== DATA UNDER STUDY ==

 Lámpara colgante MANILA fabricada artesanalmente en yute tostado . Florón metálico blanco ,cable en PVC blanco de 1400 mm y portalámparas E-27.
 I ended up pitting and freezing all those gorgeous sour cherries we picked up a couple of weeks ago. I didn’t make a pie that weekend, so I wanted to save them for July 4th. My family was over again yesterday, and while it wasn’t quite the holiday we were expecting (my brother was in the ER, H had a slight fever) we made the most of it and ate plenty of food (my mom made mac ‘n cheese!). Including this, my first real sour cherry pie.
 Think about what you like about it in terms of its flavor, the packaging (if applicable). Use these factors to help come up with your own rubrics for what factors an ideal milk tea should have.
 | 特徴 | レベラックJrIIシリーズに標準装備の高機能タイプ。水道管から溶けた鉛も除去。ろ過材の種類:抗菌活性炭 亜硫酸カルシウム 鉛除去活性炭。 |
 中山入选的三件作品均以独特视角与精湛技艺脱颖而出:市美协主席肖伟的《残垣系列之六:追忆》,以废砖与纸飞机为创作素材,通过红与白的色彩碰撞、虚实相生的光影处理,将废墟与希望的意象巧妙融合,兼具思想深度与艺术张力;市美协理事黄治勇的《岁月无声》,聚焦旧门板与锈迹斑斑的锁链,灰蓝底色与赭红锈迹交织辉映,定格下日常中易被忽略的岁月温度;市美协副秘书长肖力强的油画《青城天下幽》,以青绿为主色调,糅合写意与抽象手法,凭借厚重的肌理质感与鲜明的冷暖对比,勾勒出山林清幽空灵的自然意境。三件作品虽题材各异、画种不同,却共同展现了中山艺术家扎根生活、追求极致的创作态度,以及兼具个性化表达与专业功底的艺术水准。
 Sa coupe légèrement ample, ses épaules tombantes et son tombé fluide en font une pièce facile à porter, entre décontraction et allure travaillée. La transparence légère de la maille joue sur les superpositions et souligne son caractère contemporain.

===
== DATA UNDER STUDY ==

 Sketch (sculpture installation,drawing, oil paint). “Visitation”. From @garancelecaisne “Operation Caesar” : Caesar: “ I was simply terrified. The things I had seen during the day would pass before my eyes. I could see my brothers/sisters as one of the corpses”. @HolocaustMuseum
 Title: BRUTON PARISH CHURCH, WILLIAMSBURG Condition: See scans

===
== DATA UNDER STUDY ==

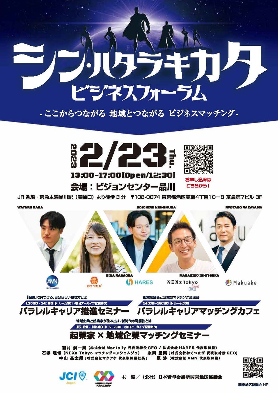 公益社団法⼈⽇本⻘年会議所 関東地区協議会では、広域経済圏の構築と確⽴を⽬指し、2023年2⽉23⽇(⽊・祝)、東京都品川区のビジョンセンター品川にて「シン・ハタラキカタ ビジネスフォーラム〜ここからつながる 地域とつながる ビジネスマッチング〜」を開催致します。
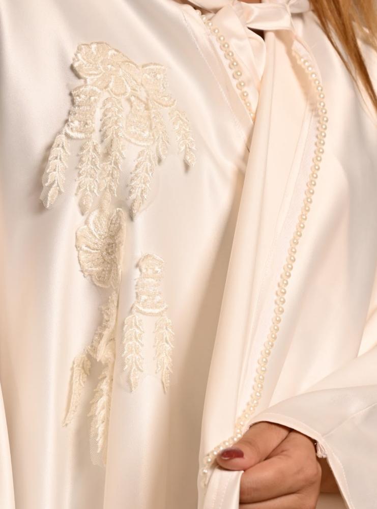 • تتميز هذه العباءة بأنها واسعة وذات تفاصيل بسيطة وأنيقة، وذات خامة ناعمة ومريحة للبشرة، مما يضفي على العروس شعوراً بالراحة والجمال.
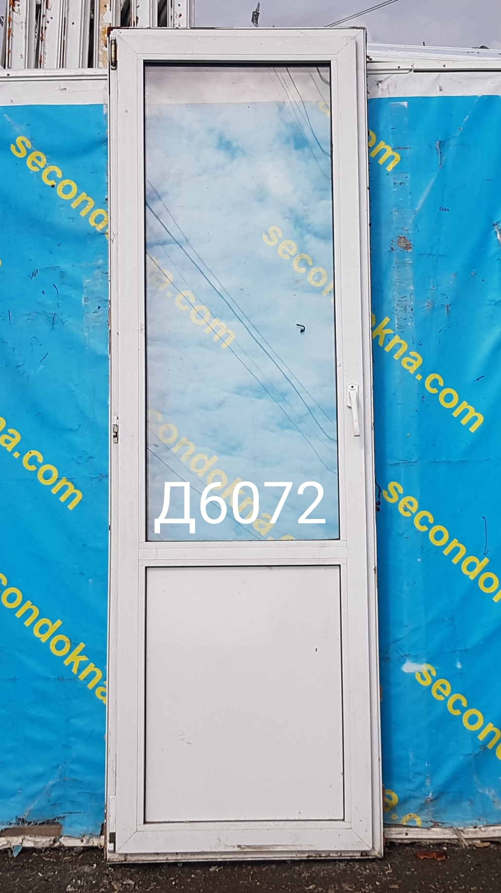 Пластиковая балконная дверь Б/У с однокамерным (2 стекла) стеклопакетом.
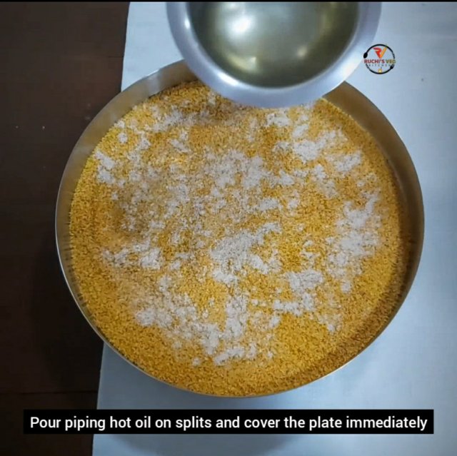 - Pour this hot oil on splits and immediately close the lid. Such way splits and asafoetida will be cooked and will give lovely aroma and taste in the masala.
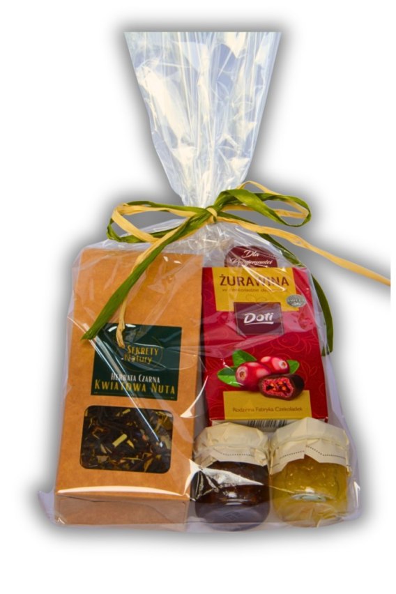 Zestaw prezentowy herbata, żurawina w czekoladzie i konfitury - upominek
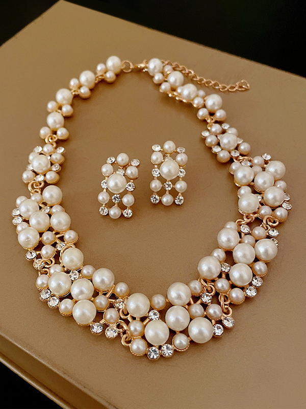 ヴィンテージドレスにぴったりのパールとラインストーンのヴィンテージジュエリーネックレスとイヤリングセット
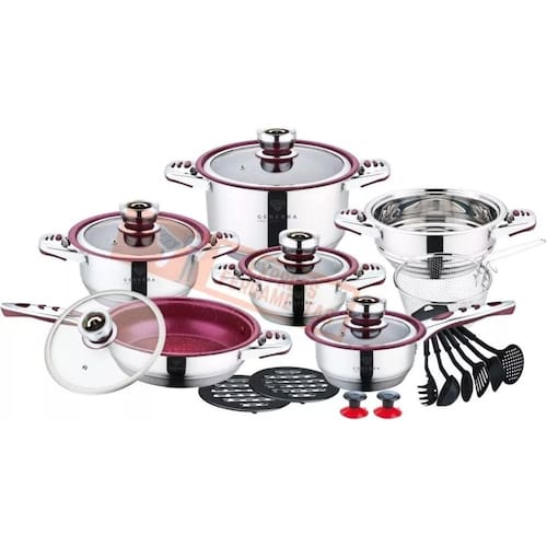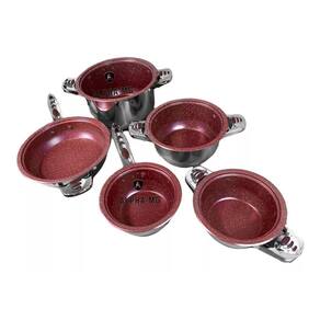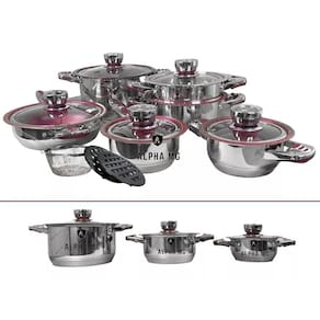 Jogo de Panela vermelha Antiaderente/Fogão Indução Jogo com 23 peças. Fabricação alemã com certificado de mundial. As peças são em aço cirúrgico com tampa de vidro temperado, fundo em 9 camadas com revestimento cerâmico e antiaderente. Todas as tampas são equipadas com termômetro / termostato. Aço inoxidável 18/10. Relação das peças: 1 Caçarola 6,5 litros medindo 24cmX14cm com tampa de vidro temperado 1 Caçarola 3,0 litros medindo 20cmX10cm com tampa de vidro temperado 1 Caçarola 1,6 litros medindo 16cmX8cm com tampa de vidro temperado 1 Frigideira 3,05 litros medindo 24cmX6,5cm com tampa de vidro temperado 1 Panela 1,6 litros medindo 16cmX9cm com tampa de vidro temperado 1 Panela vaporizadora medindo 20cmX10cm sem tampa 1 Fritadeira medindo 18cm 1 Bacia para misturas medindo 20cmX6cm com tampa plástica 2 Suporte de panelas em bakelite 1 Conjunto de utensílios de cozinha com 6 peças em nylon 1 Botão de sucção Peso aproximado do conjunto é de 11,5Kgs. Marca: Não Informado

===

- [WORK ITEM]
Although the records hold pictures, the copy must not; give again exactly the lines from the one with "Пластиковая балконная дверь" through the one with "ヴィンテージドレスにぴったり".

- [REPLY TO THE EXERCISE]
 Пластиковая балконная дверь Б/У с однокамерным (2 стекла) стеклопакетом.
 - Pour this hot oil on splits and immediately close the lid. Such way splits and asafoetida will be cooked and will give lovely aroma and taste in the masala.
 Zestaw prezentowy herbata, żurawina w czekoladzie i konfitury - upominek
 ヴィンテージドレスにぴったりのパールとラインストーンのヴィンテージジュエリーネックレスとイヤリングセット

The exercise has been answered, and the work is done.